Forced Dues Compound Injustice of Forced Union Representation

Compulsory union dues are actually only half of a double-pronged attack on employee freedom by federal labor law.

Under the NLRA and RLA, individual employees subject to forced-dues payment are also barred from bargaining with their employer on their own behalf, as well as from being represented by any organization other than their federally-sanctioned “exclusive” bargaining agent.
The fact is, as thousands of complaints filed with the National Labor Relations Board (NLRB) every year by abused workers attest, many union officials systematically abuse their monopoly bargaining power.

For example, in one NLRB complaint reprinted in the newsletter Labor Relations Ink, a metal worker in Golden, CO, charged that he had been fined $50,000 by his union monopoly bargaining agent for exercising his legal right to resign from the union and return to his job during a strike. His hourly pay at the time was $17.29!

Under current law, employees who are subject to such abusive tactics by union officials cannot withhold dues in protest — that is, stop paying for forced-union representation that is obviously contrary to their best interest — unless they are prepared to be fired from their jobs.

In addition to workers who are singled out for punishment by vengeful union officials, countless others are harmed simply because their talents don’t serve Big Labor’s agenda.

And pro-forced unionism intellectual Richard Rothstein, a fellow at the AFL-CIO-funded Economic Policy Institute in Washington, D.C., has even conceded that Big Labor-negotiated contracts usually have the effect of “reducing pay of the most productive workers.”

Workers’ Forced Dues Tapped To Fund Big Labor’s Political Agenda

Noted journalist Victor Riesel, a personal friend of long-time AFL-CIO chief George Meany, argued persuasively in a series of syndicated columns that unreported union campaign expenditures are worth up to 10 times as much as the reported cash contributions.

“[N]on-cash contributions consist of staff time — meaning union officials who are assigned to campaigns for months on end — printing costs, postage, telephone and various other support services financed entirely with compulsory union dues and fees,” explained Mr. Riesel.

The Riesel formula put the total value of Big Labor’s hidden 2009-2010 federal slush fund at $1.1 billion, overwhelmingly derived from forced dues and fees!

And, according to Big Labor’s reports from 2011-2012, their slush fund increased another $600 million to an outrageous $1.7 billion.
And this comes as no surprise, despite several decades of union officials lying and refusing to provide even an estimate of the value of their total “in-kind” campaign spending.
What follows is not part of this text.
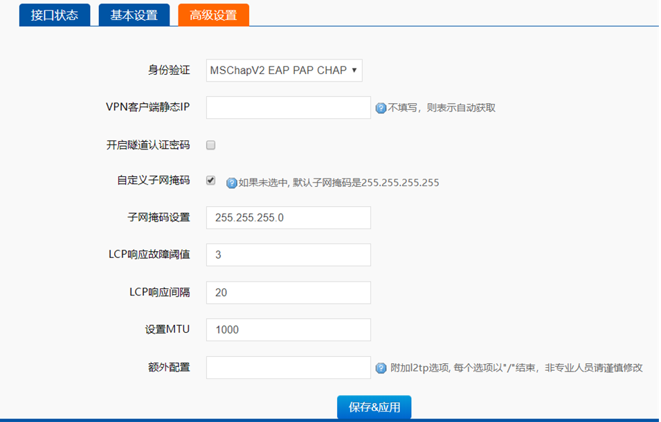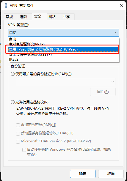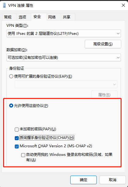 高級(jí)設(shè)置:身份驗(yàn)證選擇MSCHAPV2 EAP PAPA CHAP。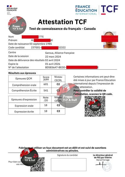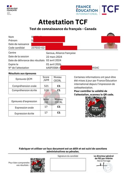 Session de : Mi et Fin d’année 2024 à GAROUA & DOUALA ( TCF & TEF ) Que des C1 et C2 ✅♻️

At the same time, union officials’ own offhand statements and published reports suggest that, as applied today, the Riesel formula remains pertinent in current politics.

Consider the following:

The total value of paid staff time for federally-reporting unions alone (which excludes most public-employee unions) is $4.2 billion a year, or nearly $16 million per workday.

And a host of public statements by union officials themselves confirm that a large share of paid union staff time is devoted to partisan politics and lobbying.

For example, several AFL-CIO officers told The New York Times, in effect, that thousands of union organizers ceased their organizing activities for several months to focus solely on electing and re-electing their favored politicians.

As reporter Stephen Greenhouse summarized their admission, “[U]nions organized fewer members last year because they threw so much money, energy and manpower into electoral politics.”

All by themselves, the forced-dues-funded salaries and benefits of union staff while they are on political assignments would come to hundreds of millions of dollars each election year.

In a July 2012 article published by The Wall Street Journal entitled “Political Spending by Unions Far Exceeds Direct Donations,” the authors Tom McGinty and Brody Mullins exposed the true impact of Big Labor’s forced-dues-funded campaign coffers.

At first glance, it would seem that Big Labor’s campaign spending from 2005 to 2011 is an astounding $1.1 billion. However, after looking at reports to the Labor Department it is clear that the extent of their spending is much more shocking. They spent an additional $3.3 billion from their forced-dues-funded coffers over the same period on a range of expenses including convincing union members to vote for union-approved candidates.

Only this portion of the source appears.